As Theorem 1 makes clear, the lack of correlation between \(\r{M}\)
and \(\r{T}\) is sufficient to rule out association reversals (and
thus YAP as well). Does it also rule out the more general amalgamation
paradox? The answer to this depends on which measure of
association one chooses for \(\alpha\). Discussions of
Simpson’s Paradox commonly treat association as the
difference in the success rate between the treated and the
untreated, but this is only one of many possibilities (Fitelson 1999).
While the lack of association between \(M\) and \(T\) is sufficient to
rule out AMP for most measures (including the difference measure) it
does not rule it out for all measures, as we will now explain. Readers
not interested the specific details may skip to the following
section.
Here are some widely used association measures for a dataset \((a, b,
c, d)\):
\[\begin{align*}
\pi_{D} &= \frac{a}{a+b} - \frac{c}{c+d} & \pi_{Y} &= \frac{ad -bc}{N^2}\\
\pi_{R} &= \log \left(\frac{a}{a+b} \cdot \frac{c+d}{c} \right) & \pi_{W} &= \log \left(\frac{a}{a+c} \cdot \frac{b+d}{b} \right) \\
\pi_{O} &= \log \frac{ad}{bc} & \pi_{C} &= \log \left(\frac{d}{c+d} \cdot \frac{a+b}{a} \right) \end{align*}\]
Some of these measures can be formulated probabilistically and have
been suggested as measures of causal strength and outcome measures for
clinical trials (Edwards 1963; Eells 1991; Fitelson & Hitchcock
2011; Greenland 1987; Peirce 1884; Sprenger 2018; Sprenger &
Stegenga 2017). For example, \(\pi_{D} = p(\r{S}\mid \r{T}) -
p(\r{S}\mid \neg \r{T})\) represents the difference and \(\pi_R =
p(\r{S}\mid \r{T}) / p(\r{S}\mid \neg \r{T})\) the ratio of success
rates in treatment and control conditions. \(\pi_W\) can be
interpreted as the prognostic weight of evidence that treatment
provides for success (i.e., as the log-Bayes factor), \(\pi_{Y}\) is
Yule’s (1903) measure of association, \(\pi_{O}\) is the
log-odds ratio familiar from epidemiological data analysis, and
\(\pi_C\) is I.J. Good’s (1960) measure of causal
strength.
We now consider the extent to which AMP for different measures is
ruled out by different experimental designs. Suppose that individuals
are uniformly assigned to the treatment and control condition across
subpopulations. In such a case, where the ratio of persons assigned to
the treatment and control condition is equal for each subpopulation,
the experimental design is called row-uniform.

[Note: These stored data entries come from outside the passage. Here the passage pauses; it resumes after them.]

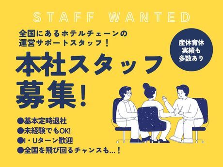 資格 <全国各地にビジネスホテルやマンションを運営するホテル運営サポートスタッフ募集!> 従業員数が少ないホテルでは、本社スタッフがホテル運営全般をサポートしています。 具体的な業務は、アルバイトスタッフの教育、電話やメールでのお問い合わせ対応、清掃会社や設備会社との取引対応など、多岐にわたります。ホテル運営に深く関わるため、現場でのサポートが必要な場合には直接足を運ぶこともあり、本社オフィスでの勤務と現場での業務をメリハリをつけて行うことができます。現場とオフィス両方での経験を積み、幅広いスキルを身につけたい方にピッタリのポジションです。ぜひご応募ください! 全国各地にビジネスホテルやマンションを展開する当社で、支店への出張を通じて現場の業務をフィードバックし、 新店舗の立ち上げでは新しい土地でホテルエリアワングループの魅力を広める重要な役割を担います。 <I・Uターン歓迎>未経験でもチャレンジしたい気持ちがあれば大歓迎です! 幅広い業務に携わりながら、あなたのスキルとキャリアを成長させるチャンス!I・Uターンを考えている方も歓迎!新しい土地での挑戦を応援します。ぜひご応募ください!
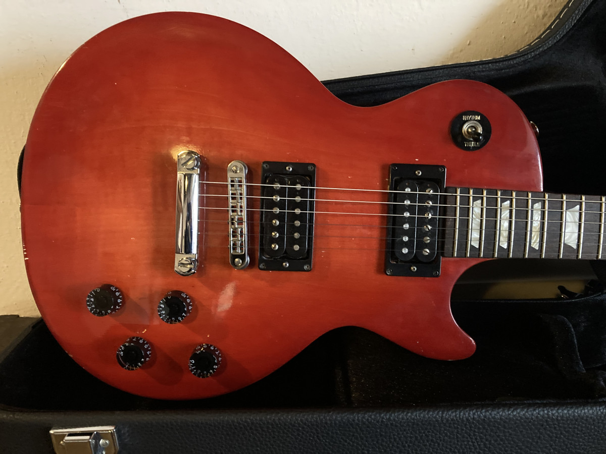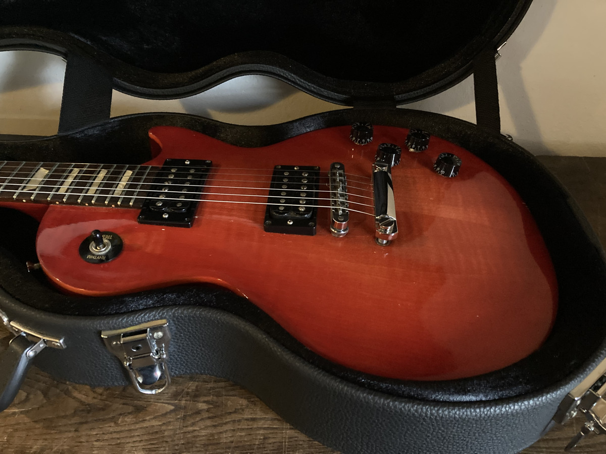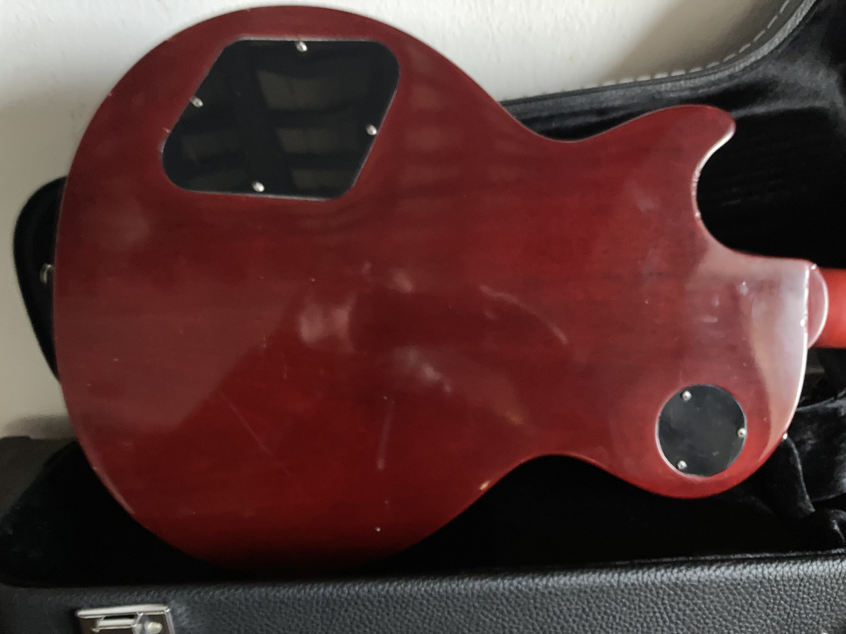 Como veis de “futura” ya queda poco. Pesa 4 kilos de caoba con tapa de arce A, diapasón de rosewood, guitarra con algunos ding y roces típicos del uso pero en general está en muy buen estado, trastes perfectos. La toco a diario, suena cañón y es muy cómoda, lleva perfil 60 en mástil, solo cambio porque tengo otras Gibson y alguna tiene que salir.
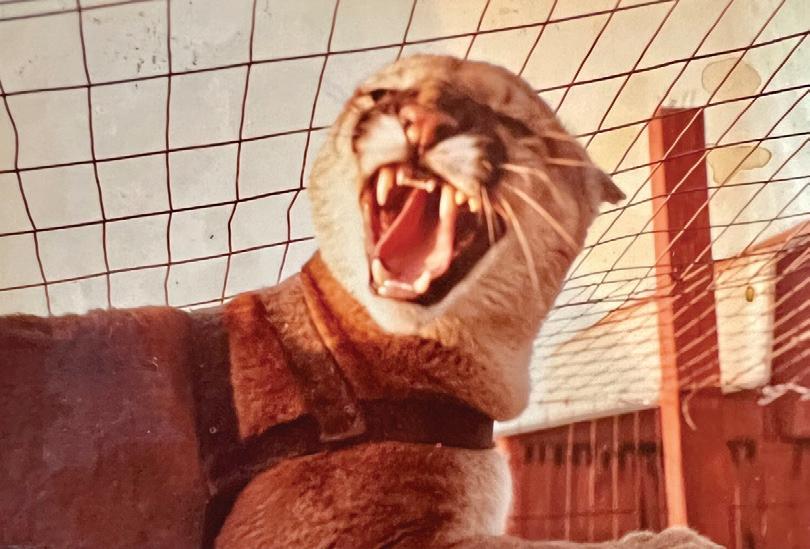 through a friend of his, he traveled to Cape Girardeau, Missouri, to an exotic animal sale. He first had to get a license to buy a mountain lion. By going through the proper channels, he bought this 5-to 8-week-old female cougar, or mountain lion, in 1982 and named her Muff. I asked him one time why he named her Muff and he asked, “Why not?”
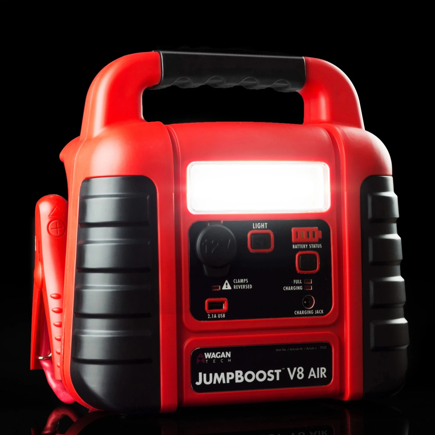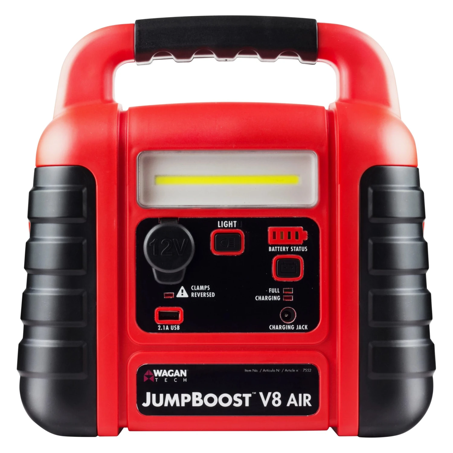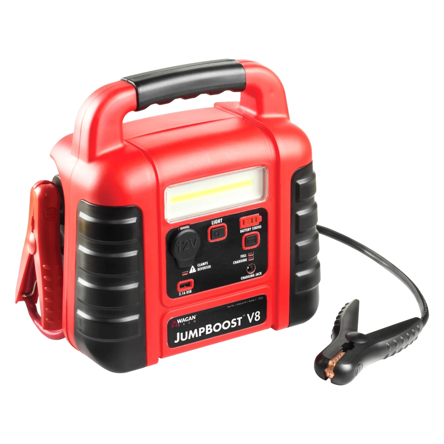 JumpBoost™ V8 12 V Portable Jump Starter by Wagan®. This top-grade product is expertly made in compliance with stringent industry standards to offer a fusion of a well-balanced design and high level of craftsmanship. Manufactured from industry-leading materials using up-to-date equipment, it ensures everlasting reliability and enduring value. This product is distinguished by total quality assurance, unsurpassed by anybody else.

Specifically, there has to be a \(\lambda > 0\) such that for any
subpopulation i
\[ a_i + b_i = \lambda (c_i+d_i) \tag{Row Uniformity} \]
In particular, row uniformity holds approximately if our sample is
large and we sample at random from the population.
Row-uniform design of a trial ensures independence between a potential
confounder \(M\) and the treatment variable \(T\). Accordingly, by
Theorem 1,
it rules out association reversals. Additionally, row-uniform design
is sufficient to rule out the AMP for a wide class of association
measures:
Theorem 2 (Good & Mittal 1987): If a dataset \(D
= \sum D_{i}\) satisfies row uniformity, then the Amalgamation Paradox
is avoided for the measures \(\pi_{D}\), \(\pi_{R}\), \(\pi_{Y}\) and
\(\pi_{W}\) and \(\pi_{C}\). It is not avoided for the
log-odds ratio \(\pi_{O}\).
Some studies also exhibit column-uniform design where
the proportion of successes and failures is constant across all
subpopulations:
\[ a_i + c_i = \lambda (b_i+d_i) \tag{Column Uniformity} \]
Also then \(\r{M}\) is independent of \(\r{S}\). Column uniformity can
occur in case-control studies with various subpopulations (e.g.,
different hospitals) where one does not match the number of persons
with the explanatory attribute, like in an RCT. Instead, for each
person with a certain attribute (e.g., a specific form of cancer), one
selects a number of persons that does not have this attribute.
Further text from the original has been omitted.